When it came time for the principal, Mr. LeTendre, to introduce Bill, he dropped a bombshell: Bill couldn't speak because he had been in a serious automobile accident the night before and was at that moment in critical condition in a local hospital. An audible gasp arose from the audience, and I sat frozen in my seat, horrified by this hideous news. However, before I could fully collect my thoughts, a voice from a wing of the stage cried out, "No, no! Please, wait!" and to everyone's astonishment, Bill came rolling out in a wheelchair, wrapped in bandages from head to toe, like a mummy.
Bill's gag was one of those brilliant ideas that plays better in the
conception than in the execution. As relieved as I was to realize that
Bill wasn't really injured, I was appalled by the trick he had played on
everyone and felt personally hurt that he hadn't let me in on the gag in
advance. I wouldn't be surprised if he lost that election because others
shared some of my revulsion. Still, the sheer originality of the gag was
typically Bill.
Our Last Meeting
That afternoon I spent with Bill in 1978 is now itself so far in the past that I remember very little about it, apart from general impressions. Bill was slim and fit and had a neatly trimmed beard and seemed full of energy. He showed me some of the paintings he was working on, and I was impressed by both the realism of his representational work and the boldness of his concepts. At that time his professional career must have been just taking off, as he told me that he was making barely five thousand dollars a year.
We talked together for about four hours. Afterward, it struck me as remarkable that we had said almost nothing about old times. Our conversation had been almost entirely about recent developments in our lives, what we were doing at the time, and our thoughts about the future.
One of the recent developments that Bill talked about was his marriage.

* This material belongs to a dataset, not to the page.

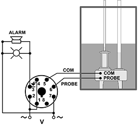 Two wires from the relay are connected to a resistance-sensing probe in the pump seal cavity and the grounded motor housing or across two probes to monitor for seal leakage using a low-voltage DC signal. If the seal starts to leak,
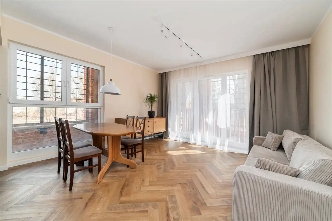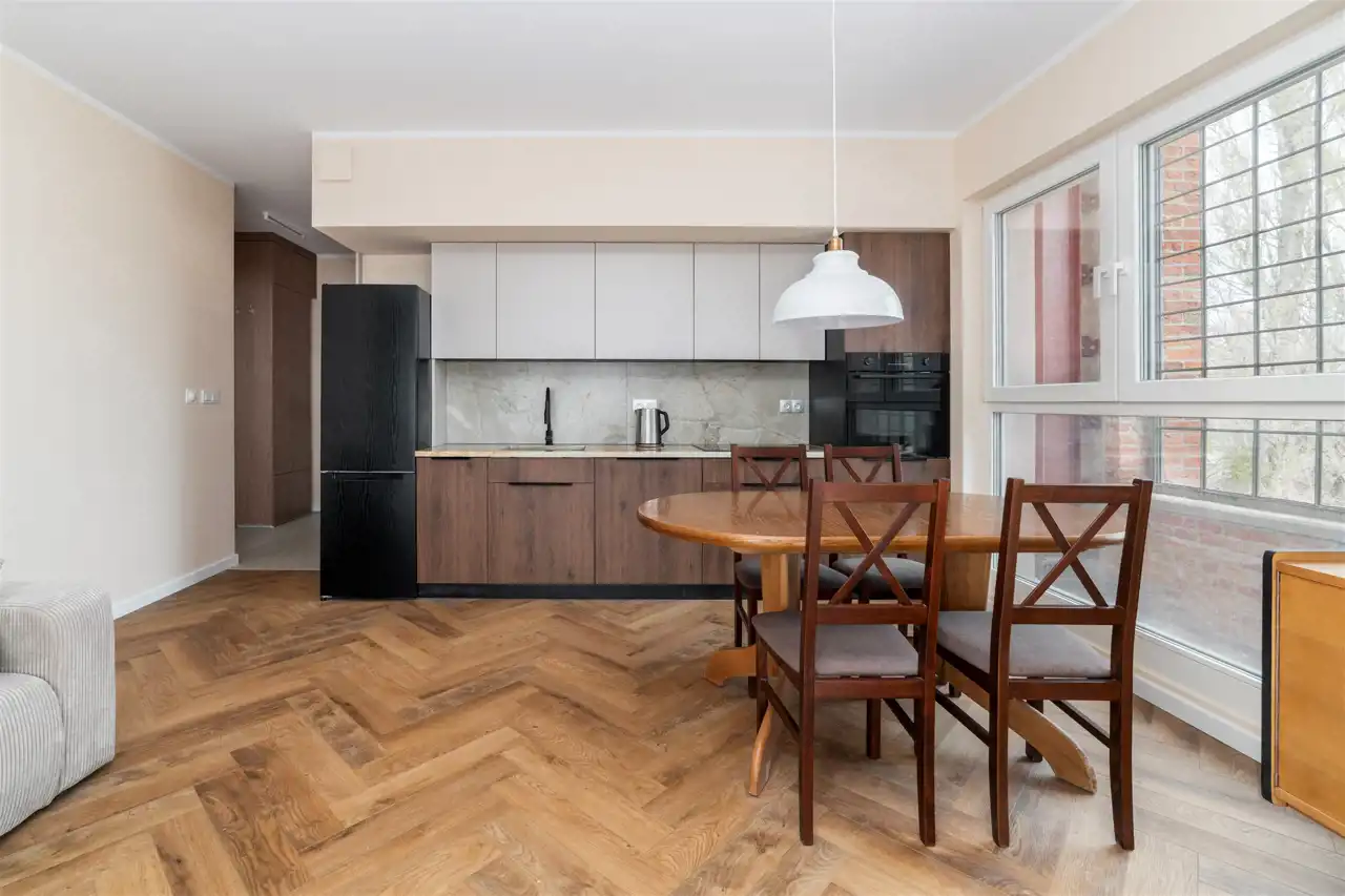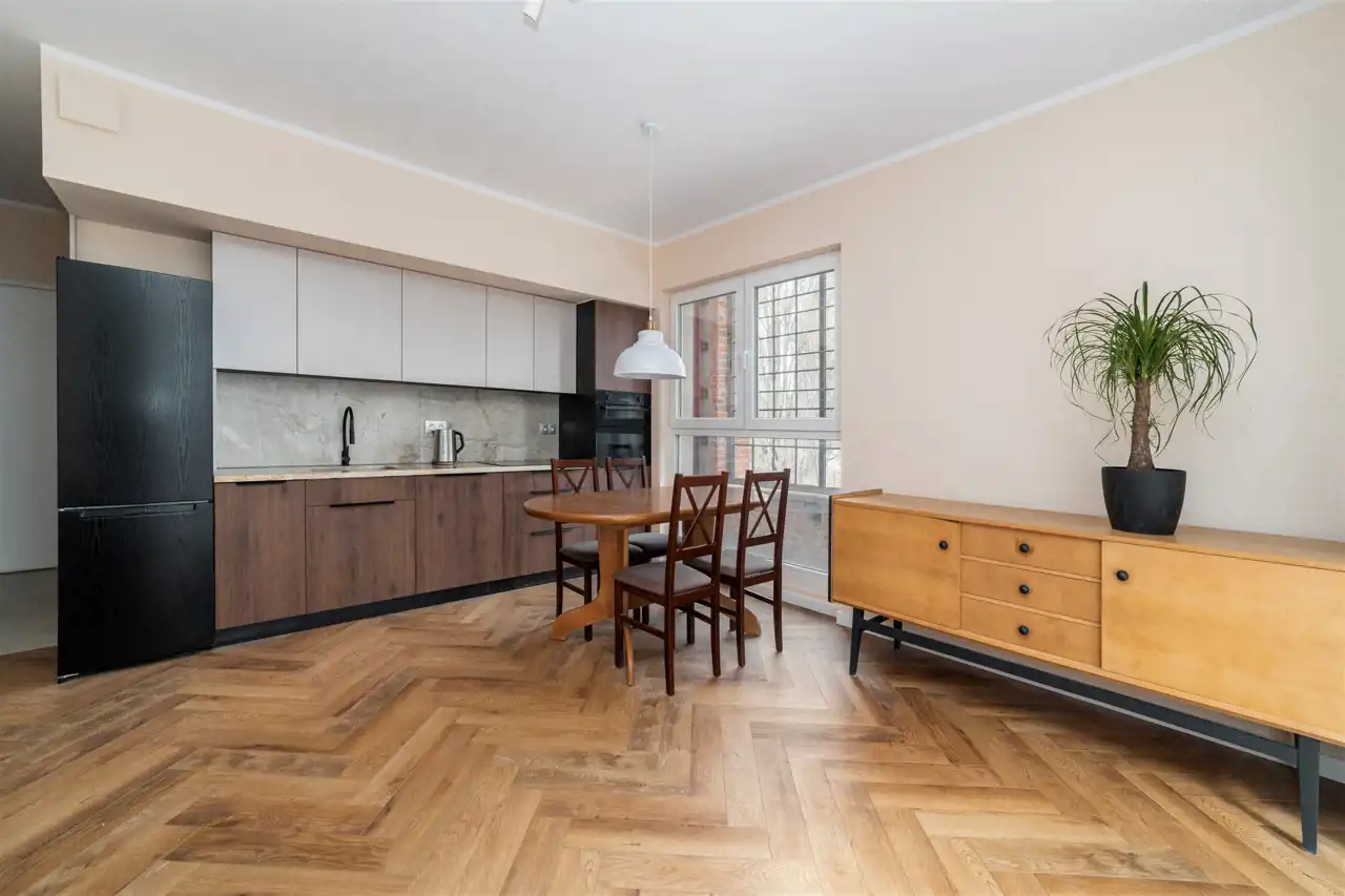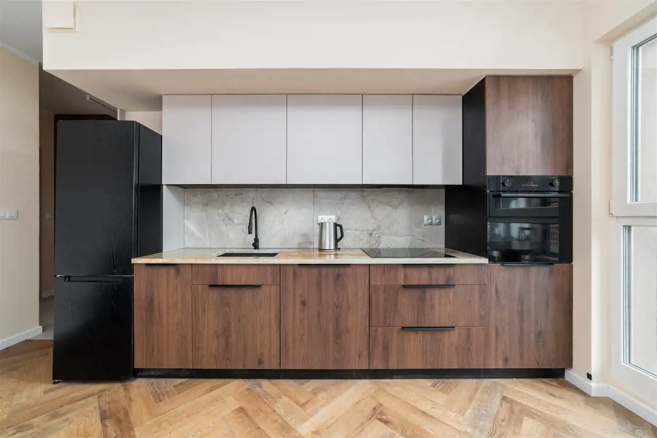 - aneks kuchenny wyposażony w płytę indukcyjną, piekarnik, lodówko-zamrażarkę i zmywarkę;

As I mentioned earlier, he was then separated from his wife Linda. However,
he still loved her and thought he might eventually go back to her. He seemed
to regard his relationship with his male partner as an experiment. Bill
also said something that afternoon that puzzled me, but the harsh truth
of his remarks came back to haunt me several years later. He made several
comments about how "painful" life could be. He was obviously alluding to
the pain that he felt in not being able to make his marriage work, as well
as the pain he knew his wife was suffering. At the time, I was generally
content and happily married, and my own life had been blessedly free of
personal losses and troubles. I simply couldn't understand what this great
"pain" was that Bill was talking about. Five years later, however, when
my wife left me, I began to understand exactly what Bill had meant, and
I still often think about what he said that day.
A Summing Up
Although I'm now left mostly with general impressions and a few sketchy anecdotes about Bill, I'm nevertheless certain about the impression that he made on my life. He taught me a great deal about not being afraid to take chances or to be different. He also helped me unleash creative powers of my own that have served me well as a writer. I take some pride in having done more than a few things in my lifetime that were different, and even a few things that took some courage. I feel that I'm anything but conventional and hope that I'm not going too far in saying that some small part of Bill lives on within me. I wish he were here now, so I could thank him.